There is often an assumption that the market is at best indifferent—and
at worst, hostile—to political art. So Chan’s career trajectory prompts the question: Is addressing the issues of the day really the commercial liability conventional wisdom would suggest? “Generally, I think the market loves art that loves the market,” says Carol Greene, the director of Greene Naftali, but “I
think people are dying for content right now.” She adds that an artist like Chan, whose pieces have “no direct engagement with how the market functions,” has been able to carve out a strong collecting base because “there are so many points of access in his work. Here’s an artist who wants to talk about the world, he wants to talk about ideas.”

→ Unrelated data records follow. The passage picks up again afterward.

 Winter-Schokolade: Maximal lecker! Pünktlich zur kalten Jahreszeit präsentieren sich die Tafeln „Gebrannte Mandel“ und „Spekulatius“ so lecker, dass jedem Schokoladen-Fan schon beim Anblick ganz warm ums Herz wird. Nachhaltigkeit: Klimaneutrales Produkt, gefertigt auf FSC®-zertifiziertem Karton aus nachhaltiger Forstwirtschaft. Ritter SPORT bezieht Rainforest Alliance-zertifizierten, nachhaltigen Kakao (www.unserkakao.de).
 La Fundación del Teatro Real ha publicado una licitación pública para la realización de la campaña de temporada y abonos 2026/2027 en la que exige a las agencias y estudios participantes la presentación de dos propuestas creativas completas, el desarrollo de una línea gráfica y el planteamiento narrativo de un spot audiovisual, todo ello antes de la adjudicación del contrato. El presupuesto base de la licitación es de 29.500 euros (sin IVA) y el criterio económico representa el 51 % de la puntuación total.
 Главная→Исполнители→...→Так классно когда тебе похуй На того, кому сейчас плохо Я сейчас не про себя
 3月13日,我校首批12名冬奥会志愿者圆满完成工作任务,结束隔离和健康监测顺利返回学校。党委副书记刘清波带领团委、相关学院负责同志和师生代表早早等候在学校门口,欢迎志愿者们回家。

Chan is not unique. Today’s widespread dissatisfaction with social and political conditions—a CBS/New York Times poll released in May found that more than 80 percent of Americans believed the country was headed in the wrong direction—may not have coalesced into a popular cultural force, as it did in the late 1960s and early 1970s. But artists at the highest levels consistently pose difficult questions about politics and society. Indeed, the run-up to this year’s election has seen a number of politically charged exhibitions, in prominent New York venues, of work by established names, including Raymond Pettibon’s scathing anti-Bush show last fall at the David Zwirner gallery and a miniretrospective of the legendary provocateur Hans Haacke at the Paula Cooper Gallery earlier this year.

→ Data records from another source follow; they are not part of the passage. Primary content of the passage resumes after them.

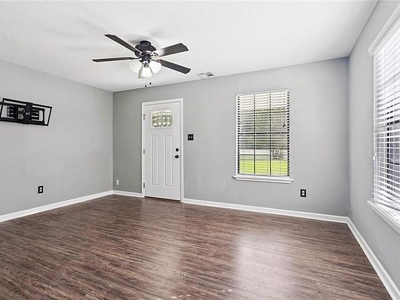 Private pondOpen concept floorplanWhite shaker cabinetsGranite countertopsStainless-steel appliancesMature trees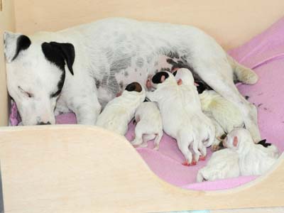 Die ersten 5 Tage liegen inzwischen hinter uns und unseren 7 Zwergen samt Mutter geht es gut, sehr gut sogar! Es ist die pure Freude sie zu beobachten, wie sie quirlig und zielstrebig das wichtigste Ziel in ihrem momentanen Leben - die Milchbar - anstreben, andocken und irgendwann ermattet herunterrutschen, nur um sich gemütlich in die Wurfkiste zu kuscheln und zu schlafen. Eh klar, was soll man denn auch sonst bei der momentanen Großwetterlage tun außer essen & schlafen:) Erfreuliche Konsequenz ihres Lebensstils ist eine rasante Gewichtszunahme, im rechnerischen Durchschnitt knappe 30g/Tag/Nase.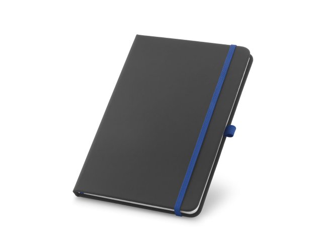 Caderno A5 em c. sintético com capa dura. Contém 80 folhas pautadas, fita separadora, elástico e suporte para esferográfica (não inclusa). 140 x 210 mm.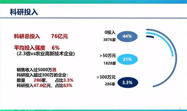 從科研投入看,全國種業(yè)企業(yè)的科研總投入76億元,平均投入強度6%。這一數(shù)據(jù)是農(nóng)業(yè)高新技術(shù)產(chǎn)業(yè)企業(yè)的2.3倍,這也體現(xiàn)了種業(yè)是高科技的產(chǎn)業(yè),是農(nóng)業(yè)的芯片。但是,也可以看出有3876家企業(yè)沒有研發(fā)投入,研發(fā)投入超過50萬元的種業(yè)企業(yè)有1828家,占比21%;銷售收入超過5,000萬元,并且科研投入超過300萬元的企業(yè)有286家,占比3.3%。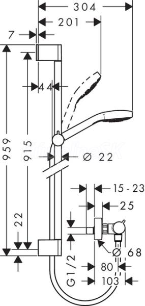 Hansgrohe ECOSTAT Comfort termostatická sprchová batéria,Croma Select E kombinácia 0,90m,biela/chróm 27082400 druh prúdu: Rain,TurboRain,SoftRain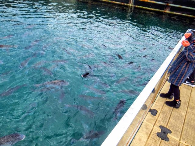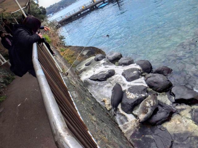 このアシカたち、マダイ同様に餌付けされており、人が来ると集まってきます。ここではアシカにエサやりというこれまたレアな体験もできるのです。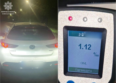 Чоловік погодився пройти огляд на місці за допомогою приладу Драгер. Результат – 1,12 проміле.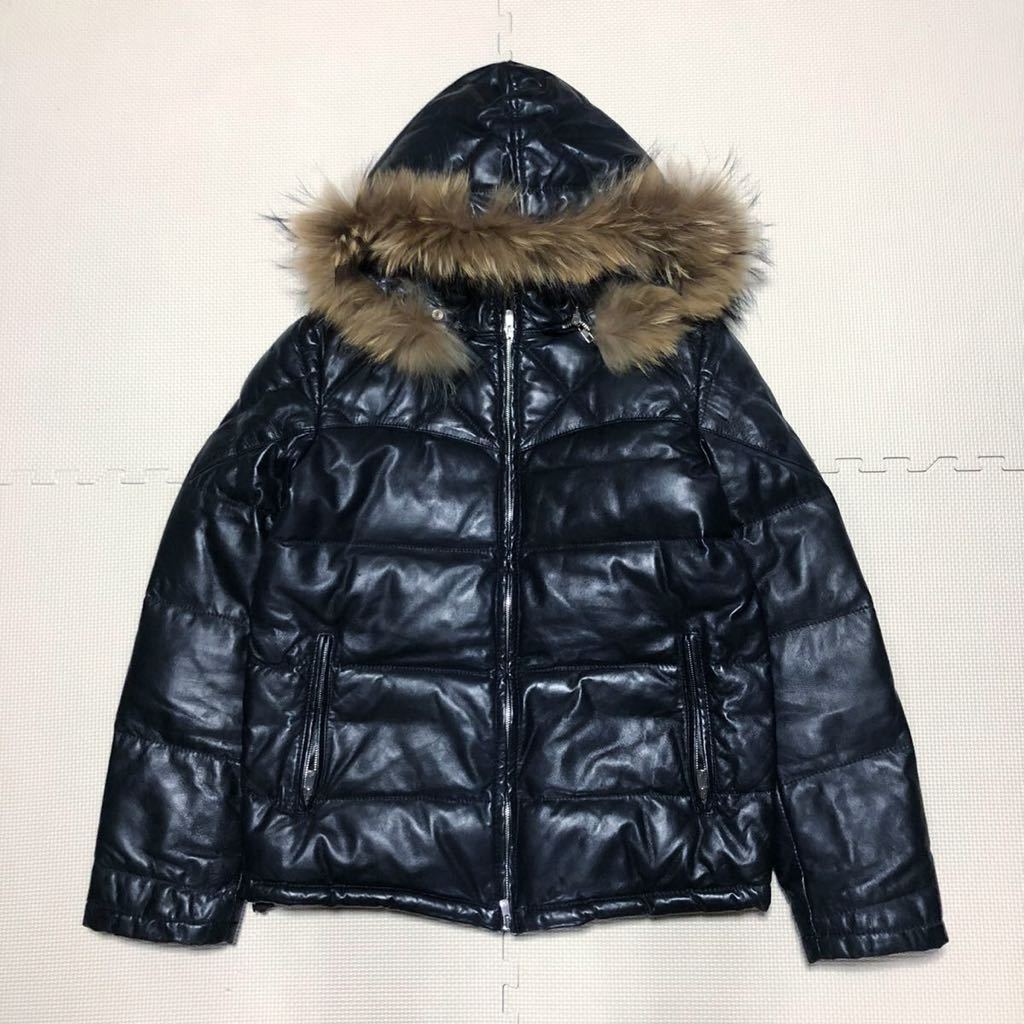 羊革 ラム オールレザー フードファー ダウンジャケット

Younger artists have also made issues-oriented outings. In her show this spring at the Elizabeth Dee gallery, the German-born, New York–based Josephine Meckseper used video and the vocabulary of department-store displays to examine what the gallery release called “totalitarianism in the current era of war, globalization and domestic crisis.” The exhibition opened, symbolically, on May Day. And, as with Chan, political engagement has not meant market limitation. “To be able to develop someone like Josephine from the very beginning of her career, when she had very few collectors, to placing her work for over $100,000 is a sign of success in my mind,” says Dee.

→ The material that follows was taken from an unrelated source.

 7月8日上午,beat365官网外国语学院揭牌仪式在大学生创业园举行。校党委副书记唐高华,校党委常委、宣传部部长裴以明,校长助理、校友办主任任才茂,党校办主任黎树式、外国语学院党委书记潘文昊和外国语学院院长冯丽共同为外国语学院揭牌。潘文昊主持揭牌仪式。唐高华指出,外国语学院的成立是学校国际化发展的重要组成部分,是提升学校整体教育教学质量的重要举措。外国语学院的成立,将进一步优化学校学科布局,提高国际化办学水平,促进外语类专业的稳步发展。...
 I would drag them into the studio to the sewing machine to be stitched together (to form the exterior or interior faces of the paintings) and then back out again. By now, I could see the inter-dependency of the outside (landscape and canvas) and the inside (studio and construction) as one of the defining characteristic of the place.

Socially conscious artwork, both historical and contemporary, is clearly on the minds of curators, too. Recent provocative traveling exhibitions include “WACK! Art and the Feminist Revolution,” a survey organized by the Museum of Contemporary Art, Los Angeles, and, at the Walker Art Center, in Minneapolis, “Brave New Worlds,” a consideration of the state of political consciousness in the U.S. and abroad. In Robert Storr’s “Think with the Senses—Feel with the Mind” section of the 2007 Venice Biennale, there were a large number of politically inflected works, from the tortured faces hanging from chains and ribbons in Nancy Spero’s Maypole/Take no Prisoners, to Paolo Canevari’s video of a teenager kicking a skull like a soccer ball outside a bombed-out Serbian building. Also notable was Emily Jacir’s Material for a Film, 2005, an ongoing text-and-photo project about the assassination of the Palestinian intellectual Wael Zuaiter, for which the artist received a Golden Lion award.